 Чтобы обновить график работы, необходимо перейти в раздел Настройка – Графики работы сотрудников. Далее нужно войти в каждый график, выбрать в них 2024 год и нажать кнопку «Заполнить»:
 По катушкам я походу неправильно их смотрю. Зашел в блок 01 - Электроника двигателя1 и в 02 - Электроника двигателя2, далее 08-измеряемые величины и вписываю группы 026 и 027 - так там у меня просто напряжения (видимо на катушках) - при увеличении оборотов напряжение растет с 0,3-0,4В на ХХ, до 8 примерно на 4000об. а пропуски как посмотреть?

---

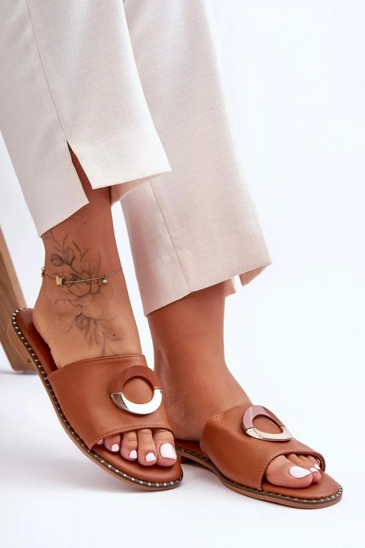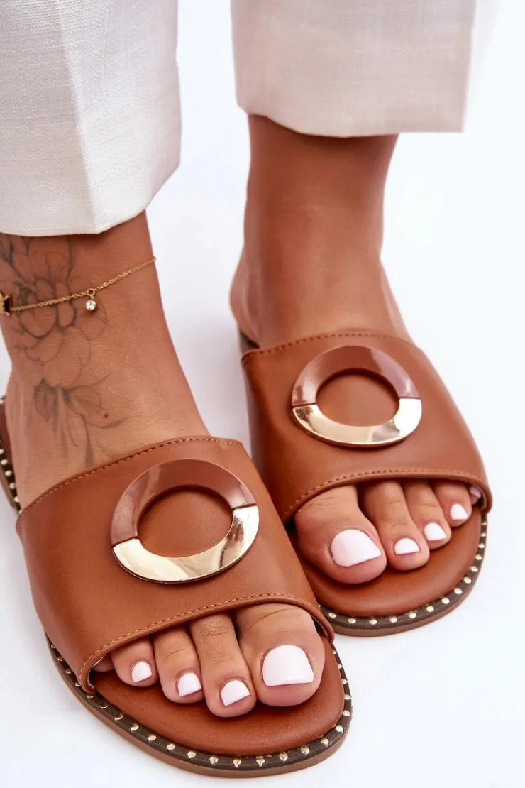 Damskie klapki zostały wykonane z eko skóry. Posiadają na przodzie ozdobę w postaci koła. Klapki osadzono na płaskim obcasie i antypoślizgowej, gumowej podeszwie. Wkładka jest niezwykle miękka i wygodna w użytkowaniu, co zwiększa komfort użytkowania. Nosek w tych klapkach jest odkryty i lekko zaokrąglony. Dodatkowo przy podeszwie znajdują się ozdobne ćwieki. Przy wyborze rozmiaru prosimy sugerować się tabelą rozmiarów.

◆ Work instruction
Taking the line with "Чтобы обновить график" as the first and the line with "По катушкам я" as the last, retype that stretch of the data above exactly, with no other lines.

◆ Answer for this exercise
 Чтобы обновить график работы, необходимо перейти в раздел Настройка – Графики работы сотрудников. Далее нужно войти в каждый график, выбрать в них 2024 год и нажать кнопку «Заполнить»:
 По катушкам я походу неправильно их смотрю. Зашел в блок 01 - Электроника двигателя1 и в 02 - Электроника двигателя2, далее 08-измеряемые величины и вписываю группы 026 и 027 - так там у меня просто напряжения (видимо на катушках) - при увеличении оборотов напряжение растет с 0,3-0,4В на ХХ, до 8 примерно на 4000об. а пропуски как посмотреть?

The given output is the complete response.